The problem:
A verbatim copy of the listing is needed; pictures are to be left out.

Dataset section:
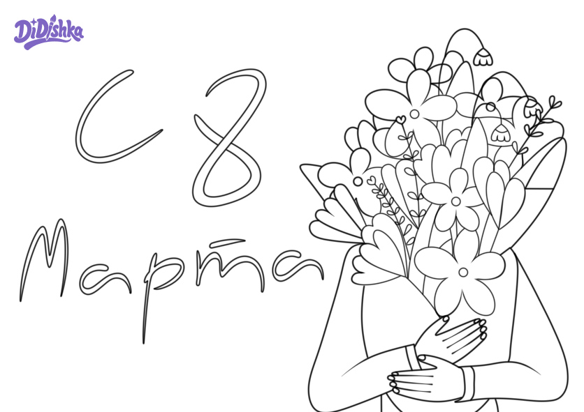 Нежная раскраска открытка на 8 марта
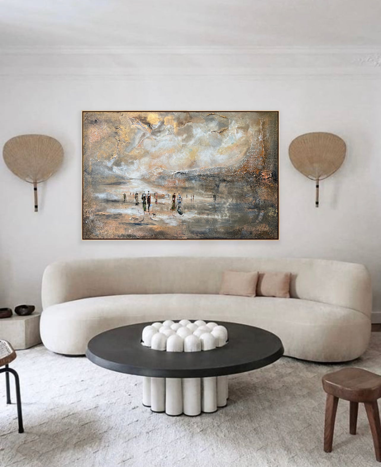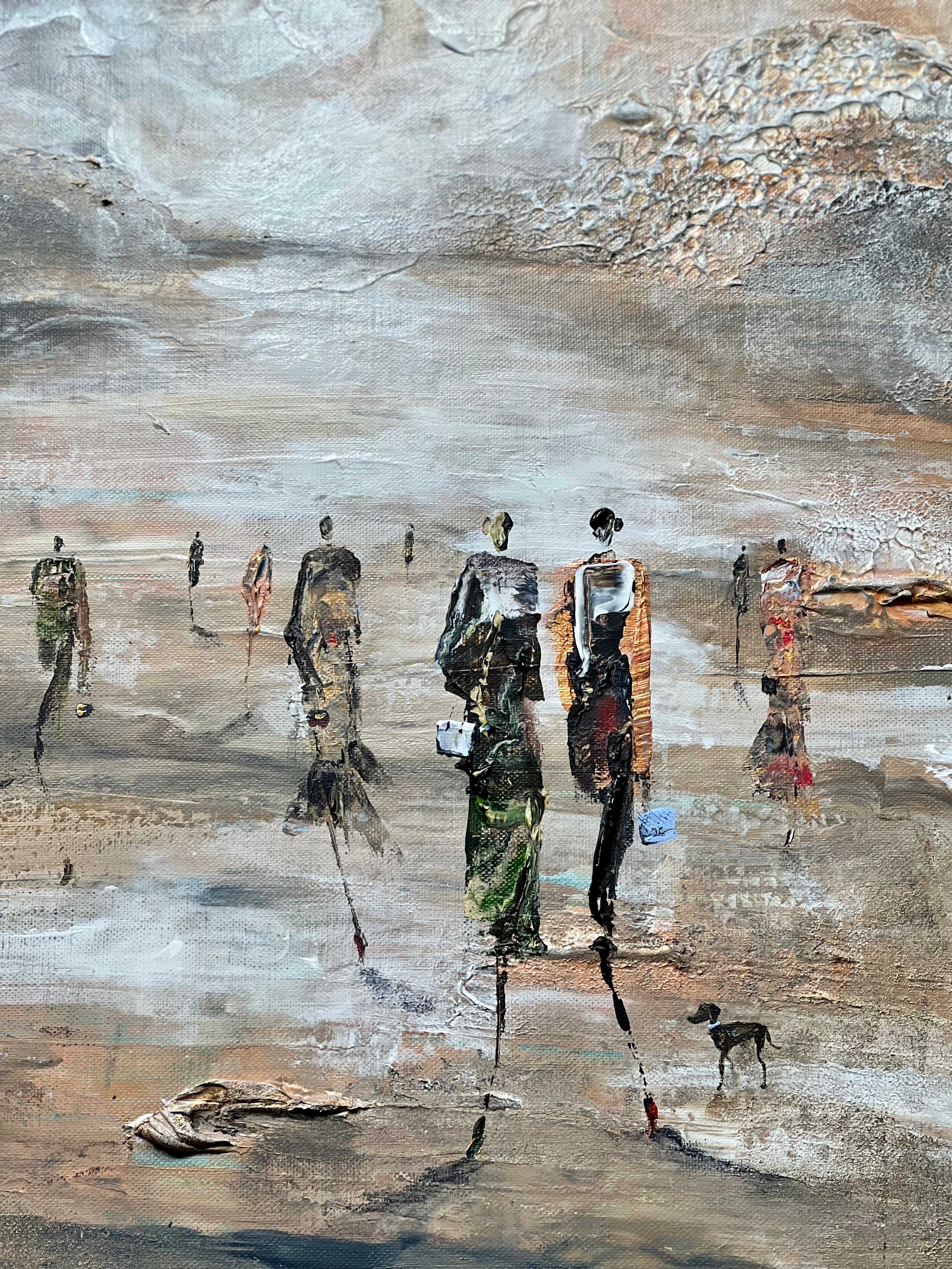 Villastaden är en av mina favoritplatser i Stockholm. Den har härlig arkitektur, och atmosfären är väldigt lugn. Jag tycker verkligen om att gå runt i området eftersom det ger mig mycket inspiration. I den här målningen har jag arbetat mycket med ljuskällan och siffrorna, som har fashionabla kläder och är mycket detaljerade. De som används är ganska lätta och de går i mer jordnära toner.
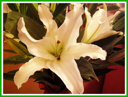 香水百合,萱萱会说:“好漂亮的花哦,妈妈。”

Answer space:
 Нежная раскраска открытка на 8 марта
 Villastaden är en av mina favoritplatser i Stockholm. Den har härlig arkitektur, och atmosfären är väldigt lugn. Jag tycker verkligen om att gå runt i området eftersom det ger mig mycket inspiration. I den här målningen har jag arbetat mycket med ljuskällan och siffrorna, som har fashionabla kläder och är mycket detaljerade. De som används är ganska lätta och de går i mer jordnära toner.
 香水百合,萱萱会说:“好漂亮的花哦,妈妈。”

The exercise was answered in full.